June 1, 2011 Posted by | Conservatives, Debt Ceiling, Economy, Federal Budget, GOP, Government, Ideology, Lawmakers, Middle Class, Politics, President Obama, Republicans, Right Wing, Tax Increases, Taxes | , , , , , , , , , , | Leave a comment

“Republican Virtues”: I Don’t Think So

I’ve been mulling over a column by David Brooks on “The Politics of Solipsism” for the past couple of weeks. What he wrote is nervy to say the least. He argues that America has lost the republican virtues on which it was founded, namely, the curbing of self-centeredness in the interest of the public good. I too am a fan of Cicero, but Brooks fails in one of the primary republican virtues by not forthrightly acknowledging that Republicans, the adherents of Ayn Rand, are the ones who have most blatantly deserted these same virtues. Self interest has center stage on their platform.

Brooks praises Truman and Eisenhower, but he fails to mention that it was President Kennedy who repeatedly challenged Americans and asked them to sacrifice. He urged us to go to the moon because it was tough, not because it was easy. And when my father, Robert Kennedy, was running for president and medical students asked him who would pay for more health care for the poor, he quickly answered, “You will.”

Contrary to the Republican philosophy, summed up by Ronald Reagan, that government is the problem, John and Robert Kennedy considered politics an honorable profession and affirmed that government was the place where we “make our most solemn common decisions.”

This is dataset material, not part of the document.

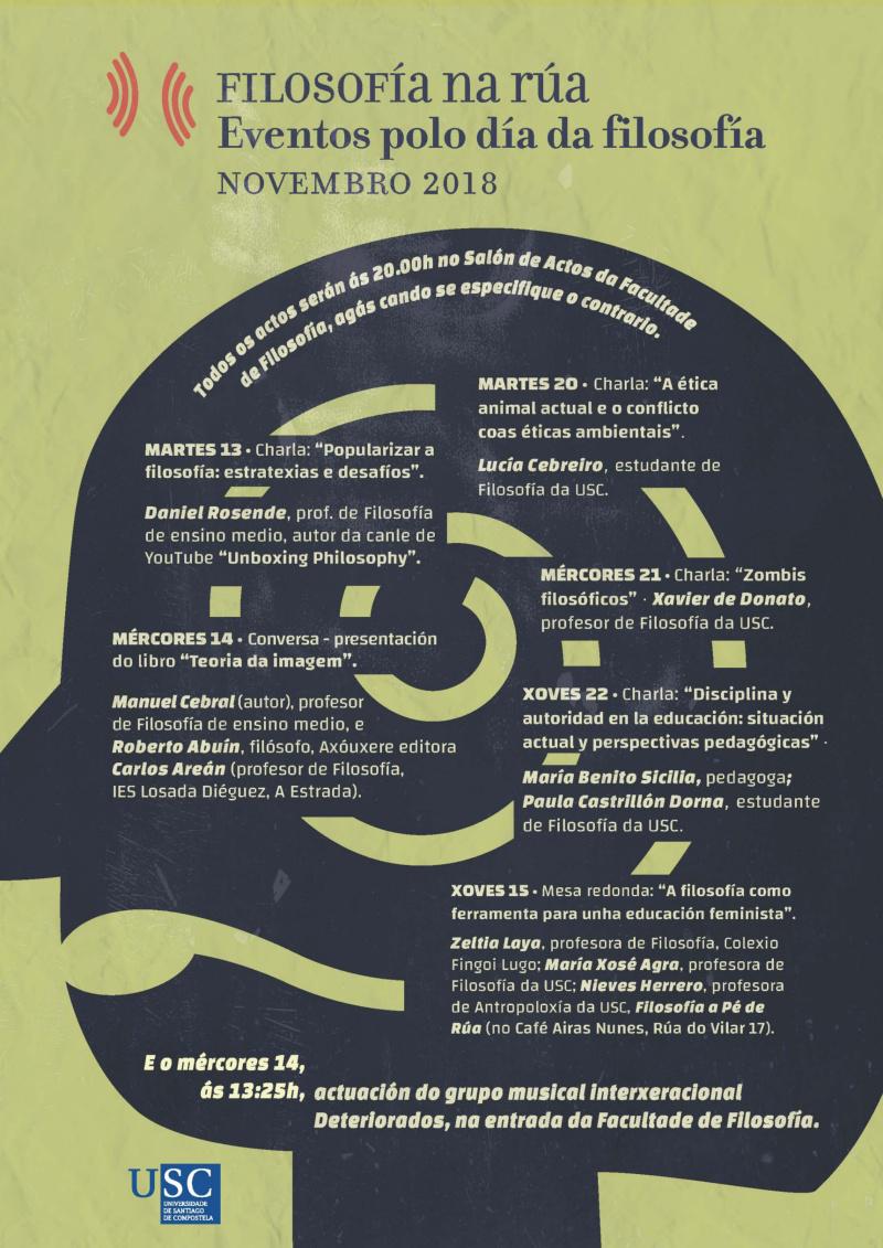 Filosofía inicia este martes 20 a segunda semana de actividades organizadas con motivo da celebración do Día Mundial da Filosofía, efeméride ao fío do que a facultade compostelá desenvolve por cuarto ano consecutivo unha serie de iniciativas co lema ‘Filosofía na rúa’ organizadas por estudantado e profesorado do centro. O propósito deste evento é difundir a importancia da reflexión sobre os problemas actuais e as cuestións máis fundamentais, en definitivo a relevancia da Filosofía.

Both my uncle and my father knew that America is at its best when its citizens are willing to give up something for others. That was the spirit in which they committed themselves to public service. Ultimately they both gave their lives in the service of their country.

Like my father and my uncle, I believe that serving the public good is the essential republican virtue. In fact I led the effort to make Maryland the first and still only state in the country where community service is a condition of high school graduation. I did this because I believe that virtue comes from habits developed, not sermons given. Aristotle said, “we become house builders by building houses, we become harp players by playing the harp, we grow to be just by doing just actions.”

Republican governors are making their mark attacking public servants. They’re laying off citizens who exemplify republican virtues like teaching in inner city schools, fighting drug cartels, and rushing into burning buildings. Why? So that those who make outrageous salaries can pay lower taxes.

Brooks says that Republicans want growth, but I see no evidence that they want growth for anyone but the most well off. Where is the commitment to education, to infrastructure, to science?

Brooks commends Paul Ryan for sending the message that “politics can no longer be about satisfying voters’ immediate needs.” And yet Ryan would give the rich even more of a tax break at a time when our taxes are the lowest in three decades.

George Washington, whom Brooks also praises, would be surprised that the rich are being asked to shoulder less of a burden. He supported excise taxes that would fall disproportionately on the wealthy. When he went to war, he brought his wife, Martha, to share the hard, cold winter of Valley Forge along with him.

The wealthy have a special responsibility. From those who have been given much, much will be asked. In a true republic, people of wealth and privilege are first in line to serve in government, go to war, contribute to the honor and glory of their country. They set the nation’s values. If what they value is money, money, money, then the country will follow.

After 9/11, George Bush asked us to shop. At just the moment when he could have called us to a cause greater than ourselves, he (apparently on the advice of Karl Rove) urged us to step up for new TVs and designer bags rather than for the public good.

So if Brooks really wants to put an end to the politics of solipsism, he must take on the Republican party itself, which has done so little to cultivate the virtues of service, sacrifice, and commitment to country.

Please don’t lecture us about solipsism and republican virtues when it’s Republicans who are the ones who have made such a virtue of self interest.